Ms. Sant’Ambrogio soon suggested that he write a concerto for her. As a student, he had written some orchestral music, which he never really got to hear performed. Most of his work since then has been smaller-scale chamber music, stage pieces, or solo piano, so the new concerto is on a larger scale in terms of instrumentation. It is scored for “a Beethoven-size group plus some additional percussion.”
“I really like the feeling of the larger canvas,” Mr. Wolosoff said. “I was able to put more things in motion, because I wanted a certain color. Since I wanted that color, you can’t just have fluidity; it has to be doing something.” Having the broader canvas, or more colors, “implies activity of some kind, so I found myself getting more things moving as a result of the additional color.”
It is hard to answer a question about how long it took to compose the 22-minute work. “I like to write, and then put it down, and pick it back up and look at it again, and do that a few times. So, I wrote for six months, then I put it down and picked it up two more times” to tweak it.
Eventually the composer and the cellist got together, and Mr. Wolosoff played the orchestral part on the piano as Ms. Sant’Ambrogio played the cello part. “And she said, ‘How would you feel about my recording this with the Royal Philharmonic Orchestra,’ and I thought she was joking. But it turned out to be real.”
When the day finally came for the recording at the Cripplesgate Church in London, just over a year ago, there wasn’t much time to record. “It was recorded in bits, starting with the hardest parts, and then sections were played and reviewed, until the recording engineer and record producer had what they needed. And then I didn’t hear it again for a year, until I heard the recording! Interestingly enough, I have not heard the work played all the way through from beginning to end in person.”
The recording was released on Oct. 18. The concerto appears on the album “Sara Sant’Ambrogio and the Royal Philharmonic Orchestra,” conducted by Grzegorz Nowak, along with the Elgar Cello Concerto and her arrangements of Piazzolla’s “Libertango” and “Oblivion.” It can readily be found on Spotify, Apple Music, Amazon, and other sources.
If all of that weren’t enough of an honor, the album had the distinction of climbing to number 6 on the Billboard Classical Album charts for two weeks in November. “There are some big names on that list. I knew all the names on that list except my own,” Mr. Wolosoff joked. In addition, the classical music radio station WQXR has aired the concerto twice in the last month. “It was a moment of validation,” the composer said.
The recording of the concerto received a five-star review by Jerry Dubins of Fanfare magazine, which said in part, “It’s exceedingly rare to encounter a major new work by a living composer which, without widespread exposure over an extended period of time, can be declared an instant masterpiece, but in my opinion, American composer Bruce Wolosoff . . . has pulled off that coup. . . . [It is] a work that is filled with real melody, rhythmic drive, urgent drama, and sweeping orchestral vistas. In other words, Wolosoff has composed a concerto in the true Romantic tradition, and it’s of such compelling beauty that it doesn’t take more than one listening to fall in love with it.”

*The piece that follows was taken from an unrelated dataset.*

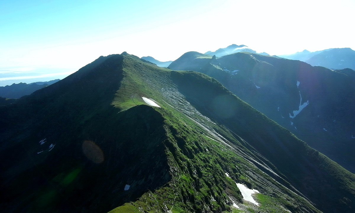 Čtvrtek 30.6. * Dnes sem měl, dle plánu, vycházet z Refugiul Fereastra… kterou bych ale nejspíš v tý včerejší viditelnosti stejně nenašel, takže vivat nová Caltun budka… luxusní zázemí!!! Holt teď zas trochu pokulhávám za plánem… a to doslova! Včerejší pohmožděná noha se kapánek rozležela a já mám problém se po ránu postavit :o( Levá holeň bolí jak čert… hlavně při sestupech!! Nu což, musím to rozchodit :o) O kus dál už sem obdivoval, v jakýchže terénech sme se onehdá v zimě vůbec pohybovali… no klobouk dolů :o)) Když se pak pode mnou objevily chajdy u jezera Balea, samou bolestí sem to chtěl vzdát a zbaběle sešourat dolů! Nakonec sem se ale nějak hecnul a dokulhal to až na Moldoveanu!!! Snad až na jednu větší zastávku u jezera Capra, kde sem nabral vodu, pojedl a vysušil pár věcí (kromě věčně mokrých bot), sem se nijak moc dlouze nezastavoval a zkrátka jen šel a šel…!! Při nechutným sestupu z Vf. Mircii sem se míjel s mladým bačou a jeho velepsem. Něco na mě spustil rumunsky, pak si zabouchal na hruď a pravil ‚Romania‘… já odvětil ‚Čechia‘! Podali sme si ruce… teda já ručku, on mi medvědí tlapu… usmáli sme se a pokračovali každej svojí cestou. Ta moje byla o nekonečným vytěsňování bolesti, jež mi zmítala nohou při každým došlapu!! Po téměř deseti hodinách od Caltunu sem se dobelhal na nejvyšší vrchol Rumunska, kde teď sedím, cpu se, větrám boty a píšu tyhle slinty :o) Kolem se převaluje oblačnost, kterou prosvěcuje sluníčko, který mě nekompromisně spaluje celej den a já si užívám neskutečno!! „This is the only time I really feel alive!“… přesně tak, jak mi před chvilkou broukal do ouška Trent! Úžasná hoďka na vrcholu!!! Už je ale třeba vyrazit směr Refugiul Vistea Mare… to musím dát, i kdybych si měl pajdrnožku připnout na bágl a odskákat to po pravý :o)) Sem tu… otevřu dveře a tam puch jak cyp!! Z nevábnýho odéru se vynoří rozchechtanej Belgičan a vedle hnedle druhej… rychlá kecačka a přichází třetí, co byl kajsik dole pro vodu… no to zas bude večírek :o)

Mr. Wolosoff’s next project is the Manhattan premiere of his “The Astronomer’s Key,” inspired by work of the Abstract Expressionist painter Milton Resnick, on Jan. 26. Also on that program will be “The Loom,” inspired by the watercolors of Eric Fischl, which was the piece that Mr. Wolosoff composed for the Eroica Trio and the first occasion of he and Ms. Sant’Ambrogio working together.